Bonnen authored a bill that would put Texas at the forefront of states working to keep “e-waste” out of landfills under a bill on Gov. Rick Perry’s desk. More than a dozen activists rallied at the Governor’s Mansion on Thursday to deliver 750 letters urging Perry to sign House Bill 2714.
The bill would require computer manufacturers selling in Texas to establish free and convenient programs to collect and recycle their brand of desktops, laptops and monitors. Retailers would only be allowed to sell brands that establish recovery programs.
Robin Schneider of Texas Campaign for the Environment said similar bills had been introduced in the previous two sessions but were lacking support from computer manufacturers. So the Austin-based group put pressure on hometown company Dell.
“We did our best to be Michael Dell’s worst nightmare,” she said. “We knew that to pass legislation in Texas we needed to have business support.”
Dell took the lead in offering consumer recycling, and Hewlett-Packard soon followed. They supported the legislation to make sure other companies that wanted to sell in Texas had to follow the same guidelines.
A coalition of business and environmental groups also was key to progress on energy efficiency and renewable energy. House Bill 3693 by Rep. Joe Straus, R-San Antonio, said while other lawmakers were battling over proposed coal plants, his group was working on measures to decrease the demand for electricity.
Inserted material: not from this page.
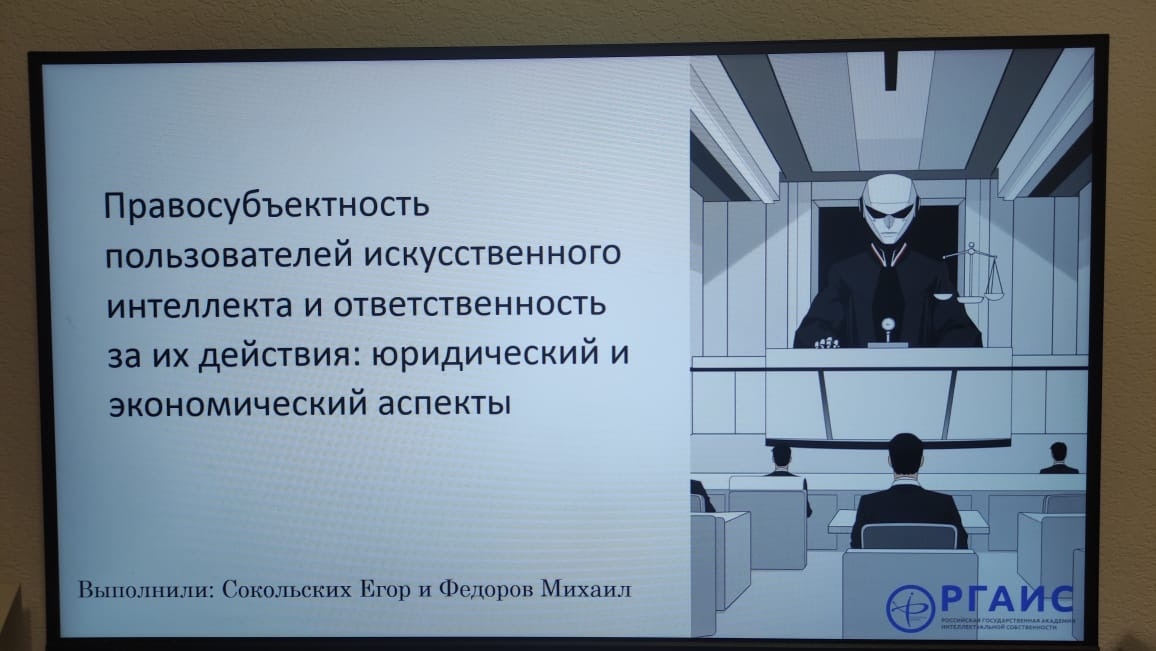 Полевой Виталий (ЭК-411), Федоров Михаил (ГМУ-411) и Сокольских Егор (ЭМ-411) участвовали в работе секции «Правовое регулирование искусственного интеллекта в современных экономических процессах». Полевой Виталий представил доклад «Новый устав OpenAI PBC как зеркало нового правового регулирования экономики искусственного интеллекта». Сокольских Егор и Федоров Михаил выступили с совместным докладом на тему «Правосубъектность пользователей искусственного интеллекта и ответственность за их действия». (научный руководитель - к.э.н., доцент Нургазина Г.Е.)

“This was a carefully negotiated bill that wasn’t so negotiated as to make it meaningless,” said Straus, who describes his bill as “more carrot than stick.”
It would raise energy efficiency goals for electric utilities, and require municipally owned utilities like San Antonio’s to participate in energy efficiency programs. The bill requires the use of more energy efficient lighting, equipment and appliances in government buildings. Home or small-business owners who generate solar energy could sell the excess.